The dataset that we are using comes from the TidyTuesday project and comes from the Axis-Harris Poll which investigated the reputation of the most visible brands in America. The Harris Poll conducted a survey in February 2022 among a representative sample of the American population to identify the companies that were most prominent in the public’s mind. The top 100 companies with the highest number of nominations were included in the “Most Visible” list.

The poll actually resulted in two datsets: polls and reputation. The polls dataset has 8 variables and 500 observations. This dataset has each company’s overall ranking and RQ score in 2022 as well as information about each company’s rating from 2017 to 2021. RQ scores are a metric that is a combination of each company’s rating for each specific attribute. The attributes are: trust, ethics, growth, p&s, citizenship, vision, and culture. It is specifically calculated using the formula: [ (Sum of ratings of each of the 9 attributes)/(the total number of attributes answered x 7) ] x 100. Next, the reputation dataset has 10 variables and 700 rows or observations. This dataset is only from the year 2022, and shows the individual breakdown for how companies were rated based on certain rating attributes.

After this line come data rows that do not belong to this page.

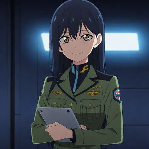 Comoli_Harcourt, brown and blue eyes, black hair, mole under eye, mole, short hair, uniform, military uniform, green jacket
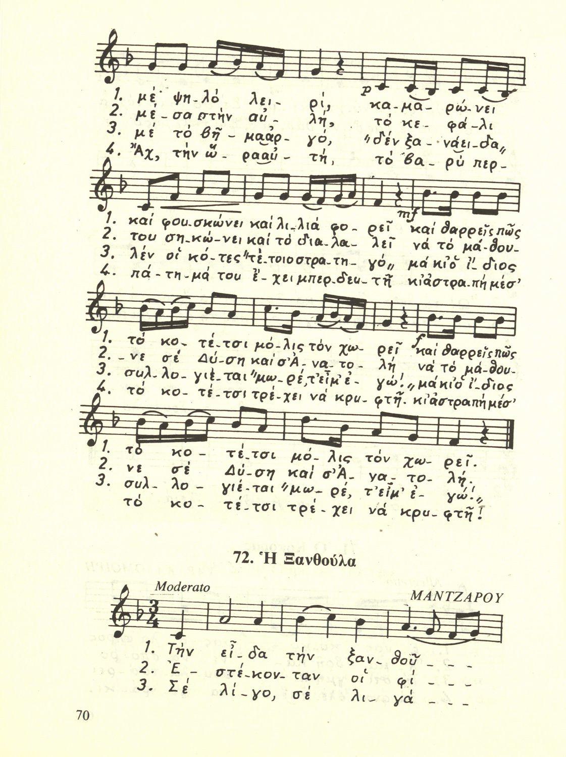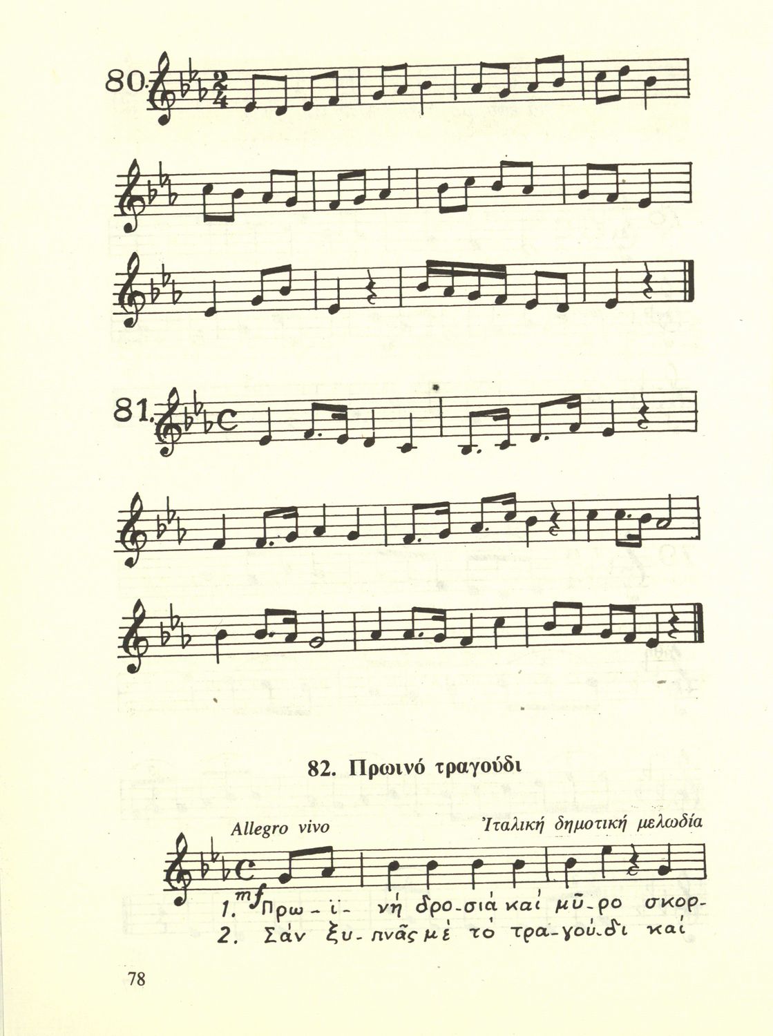 Σχολικό εγχειρίδιο Μουσικής για την Α', Β', Γ', Δ' Γυμνασίου, Πρακτικών Λυκείων και Διδασκαλείων. Περιέχει ασκήσεις μελωδικές, χωρίς θεωρία.
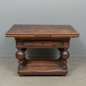 Kleine eiken bolpoottafel met uitschuifbaar blad, waaronder een lade, de poten verbonden door planken, 17e eeuw, 81 × 111 × 68 cm
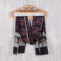 Hand Stamped Batik Shawl in NavyMulticolor 'Avanti Legacy' Item ID: 2671789275
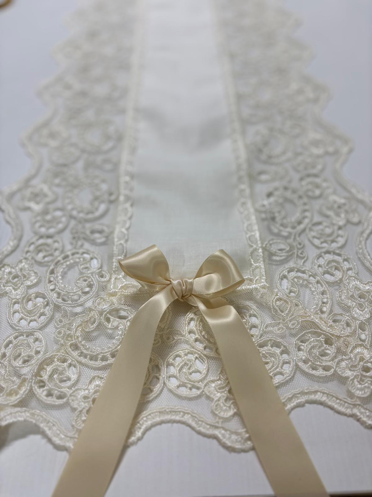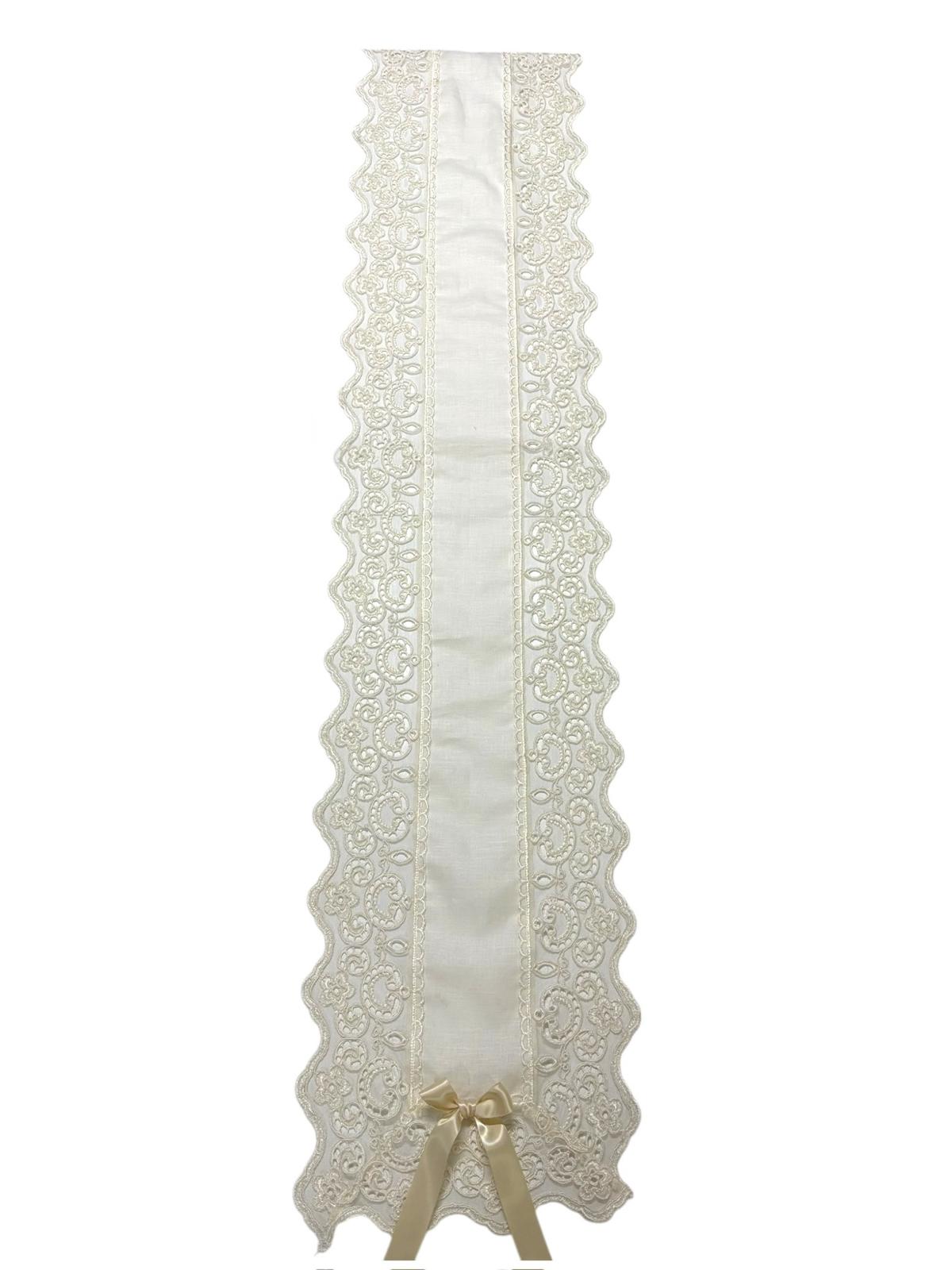 Runner avorio in lino decorato con pizzo rebrodè avorio e con fiocchi in raso avorio da entrambi i lati. Lavorazione artigianale.

We’ve interacted with many of these companies before, yet our familiarity with these entities is limited solely to their name recognition. In an effort to expand our knowledge and gain a more comprehensive understanding of their respective positions, we aim to delve deeply into the available data from the 2022 Axios-Harris Poll and draw deeper insights. We’re interested in investigating companies across different industries that are highly reputable, but may have experienced either a decline or rise in the public’s eye.

Questions

  1. What did individuals value in a company in 2022?

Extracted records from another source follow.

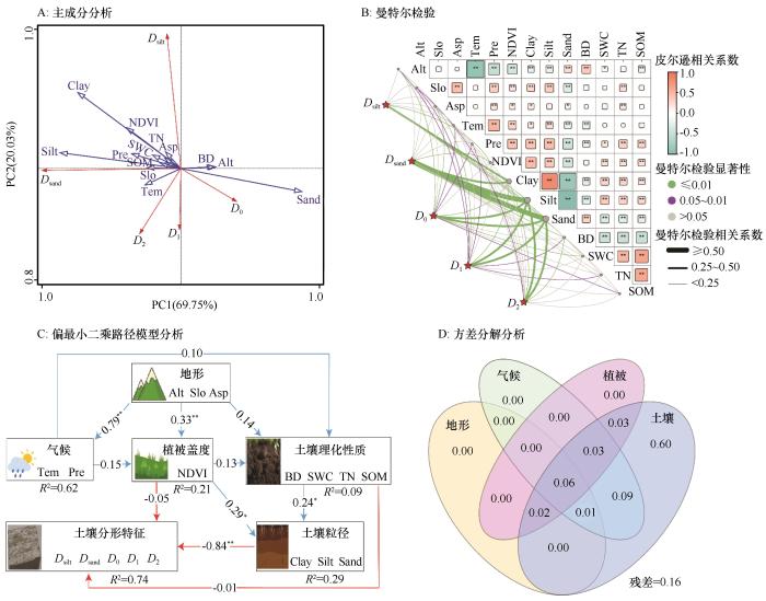 使用SPSS 25软件中的单因素方差分析方法比较不同土层深度土壤理化性质、分形维数的差异性,使用Duncan's进行差异显著性检验[23 ] 。使用Canoco5软件进行主成分分析(Principal component analysis, PCA),研究土壤分形特征与影响因子的关系。使用R软件(Version 4.3.0)中的linkET包进行Mantal test分析,研究土壤分形特征与影响因子的显著性关系。使用R软件中的plspm包建立偏最小二乘路径模型(Partial-least-squares path modeling, PLS-PM),揭示影响因子间的内在作用对土壤分形特征的驱动作用[24 ] 。使用R软件中的vegan包进行方差分解分析(Variance partition analysis,VPA),量化定地形因子、气候因子、植被因子、土壤理化因子对土壤分形特征的解释程度[25 ] 。
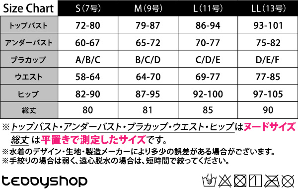 ※トップバスト・アンダーバスト・ブラカップ・ウエスト・ヒップはヌードサイズ、
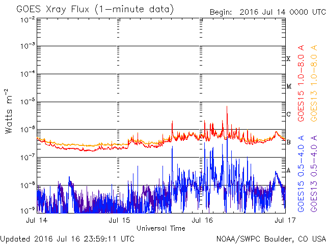 The operational data in the graph above has been modified to remove the scaling factor that has been applied by the Space Weather Prediction Center (SWPC). Because of the SWPC scaling factor in the operational data, flare indices for the operational data were reported as 42% smaller than for the science quality data. The scaling factor has also been removed from the solar flare list to reflect the true physical units.
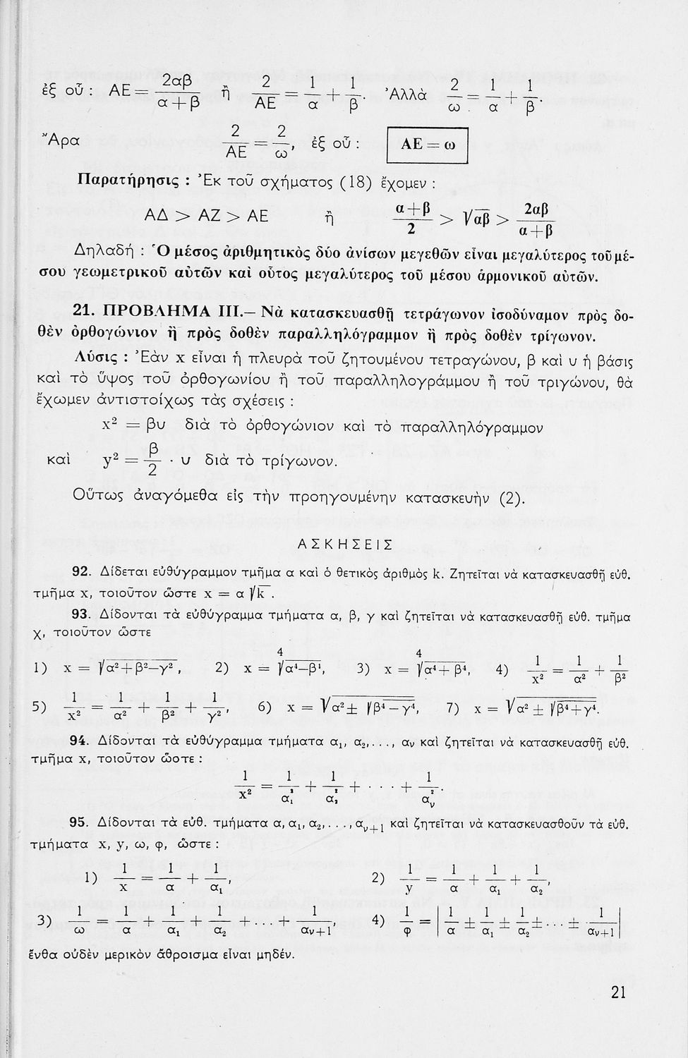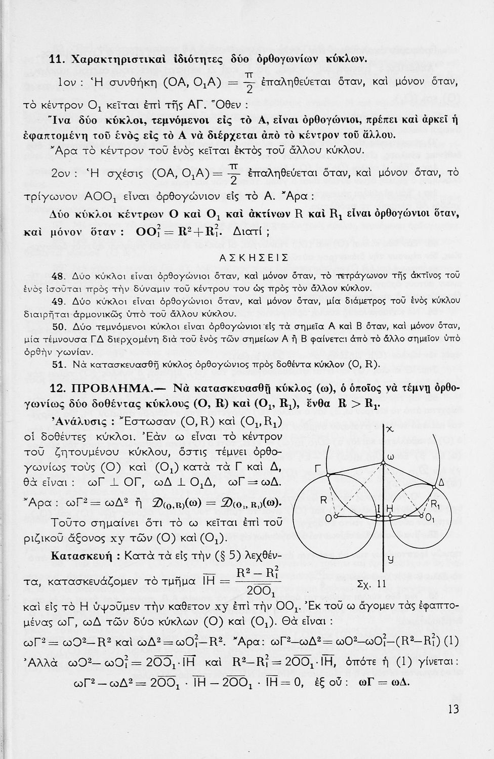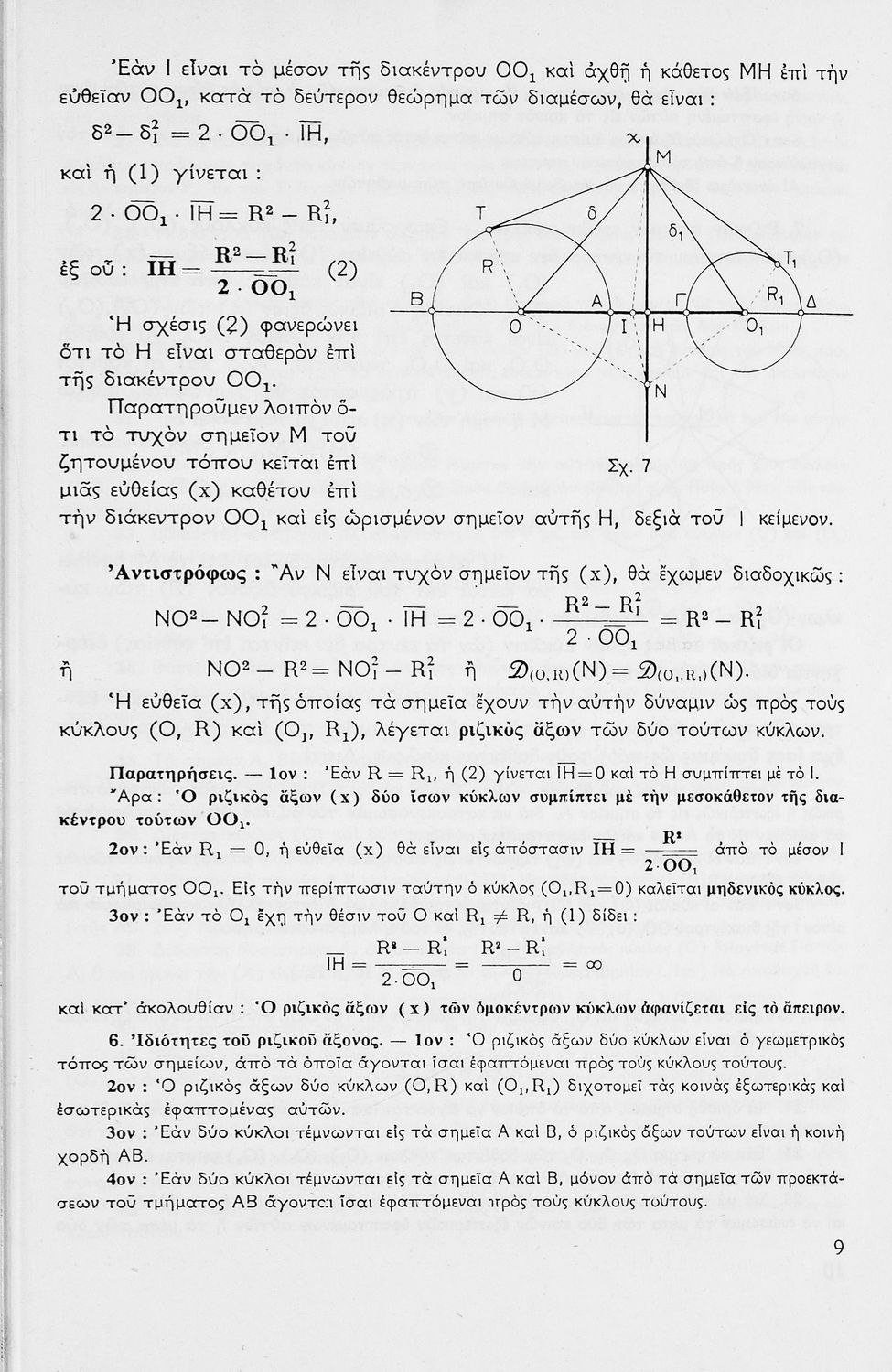 Σχολικό εγχειρίδιο Μαθηματικών για τις Δ΄, Ε΄ και ΣΤ΄ Γυμνασίου χωρισμένο σε θεωρήματα και ασκήσεις που εστιάζει στη Γεωμετρία. Φέρει το σύμβολο της δικτατορίας.

  2. How does company RQ score change between the years of 2017 to 2022 and are the trends consistent with their overall industry?

Analysis plan

Our analysis of question 1 will come from the reputation dataset. To see what individuals valued in a company in 2022, we will examine the different rating attributes (i.e. growth, vision, p&s etc) and see which ones tended to score the highest. However, because companies in different industries probably experience differences in rating attributes, we want to first see which industries ranked the highest for each rating attribute by creating an average rating variable for each attribute for each industry. It is important to note that we may re-categorize some of the industries or place some companies in different industries to have better categories for comparison in the visualization. This is because many grocery chains, like Trader Joe’s and HEB Grocery, are categorized as retail and not under the category for grocery. For our first visualization, we will use the name, industry, and score variables to show the distribution of company scores for the industry with the highest average score for each of the 7 rating attributes. To do so, we will graph a boxplot for each industry that scored the highest for each rating attribute and examine the differences in distributions across these top score industries for each attribute. We also thought that it is possible that rating attributes could be correlated with one another. Thus, for our second visualization, we wanted to examine the relationship between two specific rating attributes. Specifically, we will decide which rating attributes to focus on by looking at the top two rating attributes based on score. We will plot those two rating attributes together on the same graph using geom_point() to see if there is any sort of relationship.

For question 2, our analysis will come from the polls dataset. Variables involved include company, rq, 2022_rq, and year. To examine how the company RQ score changes between 2017 and 2022, we will first remove all companies for which there is an NA value for RQ score for any of these years. Alternatively, we could impute values for missing data using mean RQ scores for company, but this would result in unreliable data. We will then wrangle the data so that 2022_rq is in the same column as rq since the 2022 values of RQ exist in a separate column in the data set than the RQ values for years 2017 to 2021. There are 19 companies in the dataset, and it’d be difficult to visualize all of them in one graph. Instead, we will filter for the top 3 companies who had the greatest increase in RQ score and top 3 companies with the greatest decrease in RQ score from 2017-2022. Next, we intend on created a progressive line chart to visualize their change over time, where each line represents a company. We will utilize the gganimate package with the transition_reveal() function set to yearly to demonstrate this, and include the geom_point() function grouping each company so for each year, an RQ score is illustrated clearly for each company. Our second visualization for question 2 will examine the industry trends for the companies with the greatest increase and decrease in RQ value. From our first visualization, we will select the company with the greatest increase and the company with the greatest decrease in RQ value from 2017-2022. The second visualization will analyze how these company’s respective industries have changed in RQ values across the same time period. This visualization will let us see if the companies’ changes aligned or didn’t align with how their industries changed. We will use geom_line() to map the changes in RQ between years and geom_ribbon() to show variability of the companies within that industry.